Help with complex/polynomial question (1 Viewer)

[timmiitippii]

does anyone know how to find all the zeros of
P(x) = x^4 + x^3 + x^2 + x + 1

then hence factorise P(x) into irreducible factors over R

thank you in advance

 

[QuLiT]

i think you can do it like this

(x-1)(x^4 + x^3 + x^2+ x+1) using this, it's the roots of x^5-1=0 other than x=1.

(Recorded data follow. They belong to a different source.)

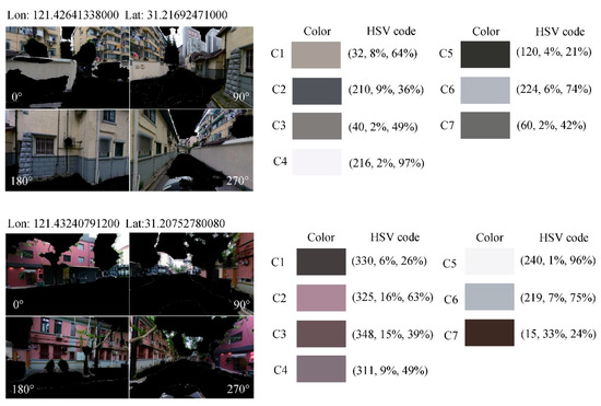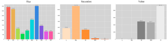 In total, 657 streets with 6276 sampling points were included in the analysis, and streets without street view images were excluded. For each sampling point, we identified the three most dominant colors. In HSV mode, the color hue is divided into ten categories based on the Chinese color system [49], resulting in five basic colors of red (R), yellow (Y), green (G), blue (B) and purple (P) and five intermediate colors of red–yellow (YR), yellow–green (GY), green–blue (BG), blue–purple (PB) and purple–red (RP). Saturation is divided into low saturation (L), medium–low saturation (ML), medium saturation (M), medium–high saturation (MH) and high saturation (H) [50]. The saturation’s corresponding numerical values are 0–2, 2–10, 10–30, 30–60, 60–100. The value of colors is divided into 5 groups, including 0–26, 26–51, 51–89, 89–140, 140–255.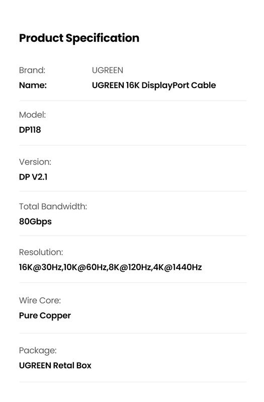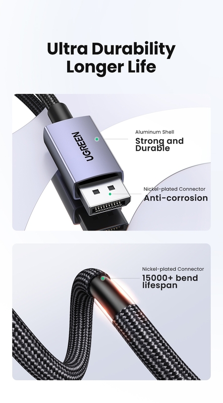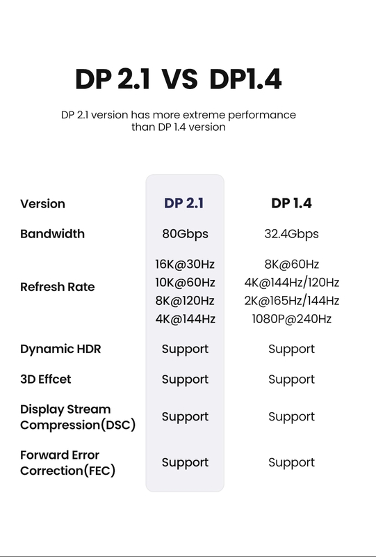 DisplayPort 2.1 Cable supports transmission speed up to 80Gbps Bandwidth, refresh rate up to 16K@60Hz, 10K60Hz, 8K@60Hz, 4K@144Hz, 2K@240Hz. UGREEN 16K DP Cable supports Dynamic HDR and HDCP 2.2. Backward compatible with DisplayPort 1.4/1.2.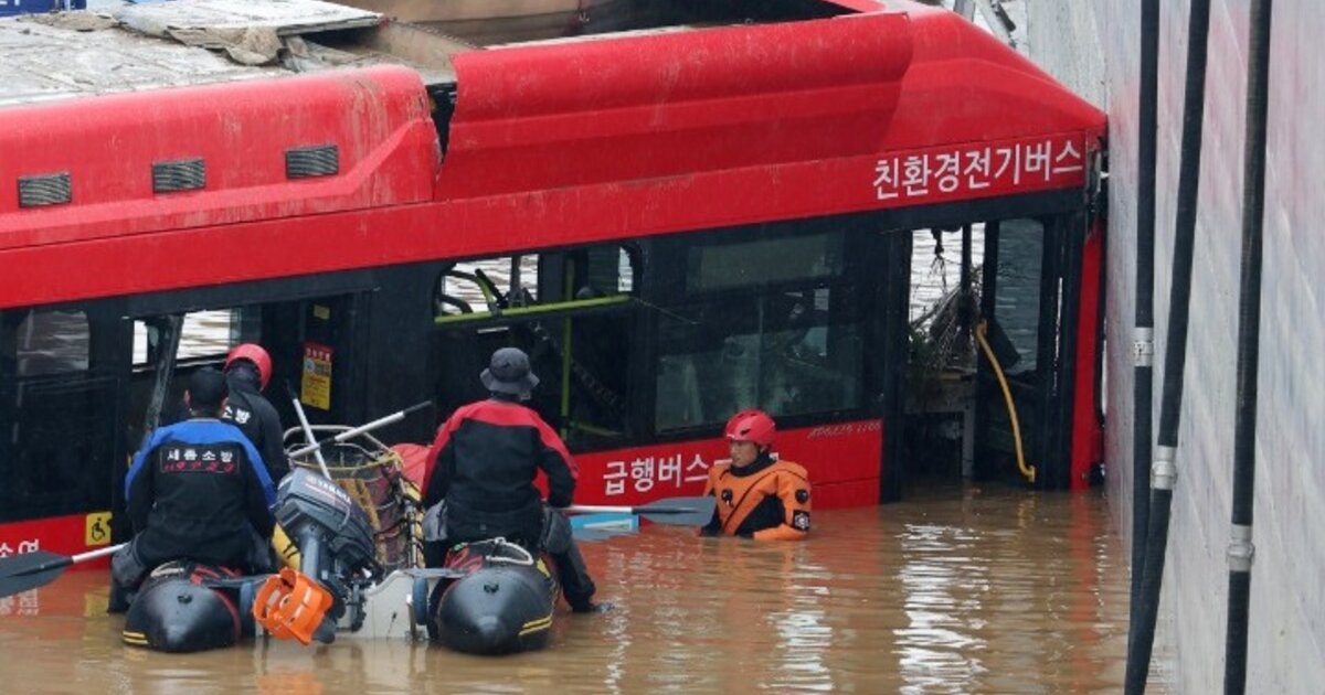 Ο Σέο Τζέονγκ-ιλ, επικεφαλής της πυροσβεστικής υπηρεσίας της δυτικής Τσεονγκτζού, είπε ότι περίπου 15 οχήματα, ανάμεσά τους και ένα λεωφορείο, εκτιμάται ότι έχουν βυθιστεί μέσα σε υπόγεια διάβαση της πόλης λίγο μετά την υπερχείλιση του φράγματος ενός γειτονικού ποταμού εξαιτίας των χθεσινών σφοδρών βροχοπτώσεων.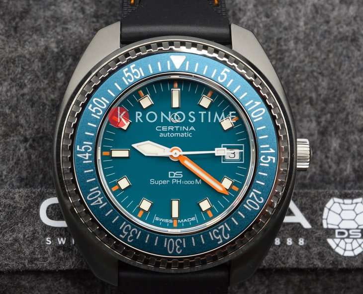 Certina DS SUPER PH1000M STC C024.907.17.041.10 – часы для поклонников ярких аксессуаров. Корпус изготовлен из высококачественной нержавеющей стали 316L с . Под твердым сапфировым стекломСапфировое стеклоПрочный и надёжный материал из кристалла сапфира синтетического происхождения, характеризующийся особой твёрдостью и устойчивостью к царапинам и повреждениям. с антибликовым покрытиемАнтибликовое покрытиеСлой оксида металла в 0,13-0,3 микрон, благодаря которому стекло часов не бликует и не отражает свет. Антибликовое покрытие уменьшает отражение света в 10 раз, обеспечивая отличную читаемость показателей циферблата. находится бирюзовый циферблат на котором вы найдете окошко даты в положении 3 часа, а также маркировку, покрытую люминесцентным покрытиемЛюминесцентное покрытиеПозволяет считывать показания времени в темноте. Производители наносят на стрелки, часовые индексы, безель или поверхность циферблата светонакопительный состав, дающий холодное свечение. Super-LumiNova. Все это приводится в действие автоматическим механизмом Powermatic 80Powermatic 80Эксклюзивный калибр от швейцарской компании ETA с увеличенным запасом хода до 80 часов за счёт удлинённой заводной пружины. Характеризуется улучшенной системой спуска со сниженным трением..611 с пружиной Nivachron™Nivachron™Специально разработанный инновационный сплав Nivachron™ повышает устойчивость часов к воздействию магнитных полей.. Класс водозащиты: 1000 метров, позволит плавать, нырять и заниматься другими водными видами спорта. Кожаный ремешок. БезельБезельВнешний ободок, закрепляющий стекло. В спортивных часах так называется поворотное кольцо с делениями на циферблате, выполняет роль таймера – замеряет отрезки времени на шкале. Неподвижный безель – элемент декора. Однонаправленно вращающийся безель на дайверских часах позволяет фиксировать моменты погружения и выныривания на поверхность. из нержавеющей стали с IP-покрытиемIP-покрытиеМетод ионного напыления. Демонстрирует повышенную устойчивость к истиранию, окислению и химическим веществам. Под воздействием высокого давления и температуры около 1500°C молекулы металла надёжно соединяются с частицами корпуса часов..

so x= cis 2kpi/5 k= + or - 1 , + or - 2

then just multiply the conjugates in form (x-cis2pi/5)(x-cis-2pi/5) which is (x^2-x(2cos2pi/5) +1)(x^2 -x(2cos4pi/5) +1) <--- final factors over R

 

[Trebla]

P(x) = x⁴ + x³ + x² + x + 1 = (x⁵ - 1)/(x - 1) since the LHS is a geometric series
To find the zeros of P(x), we need find the zeroes of (x⁵ - 1) for x =/= 1 (i.e. non real solutions of x)
So solving x⁵ - 1 = 0 for x=/=1
x = cis 2π/5, cis 4π/5, cis 6π/5, cis 8π/5 (ignore cis 0 = 1 as we require non-real solutions)
= cis 2π/5, cis 4π/5, cis -2π/5, cis -4π/5 since co-efficients are real, we have complex conjugate roots
Hence P(x) = (x - cis 2π/5)(x - cis -2π/5)(x - cis 4π/5)(x - cis -4π/5)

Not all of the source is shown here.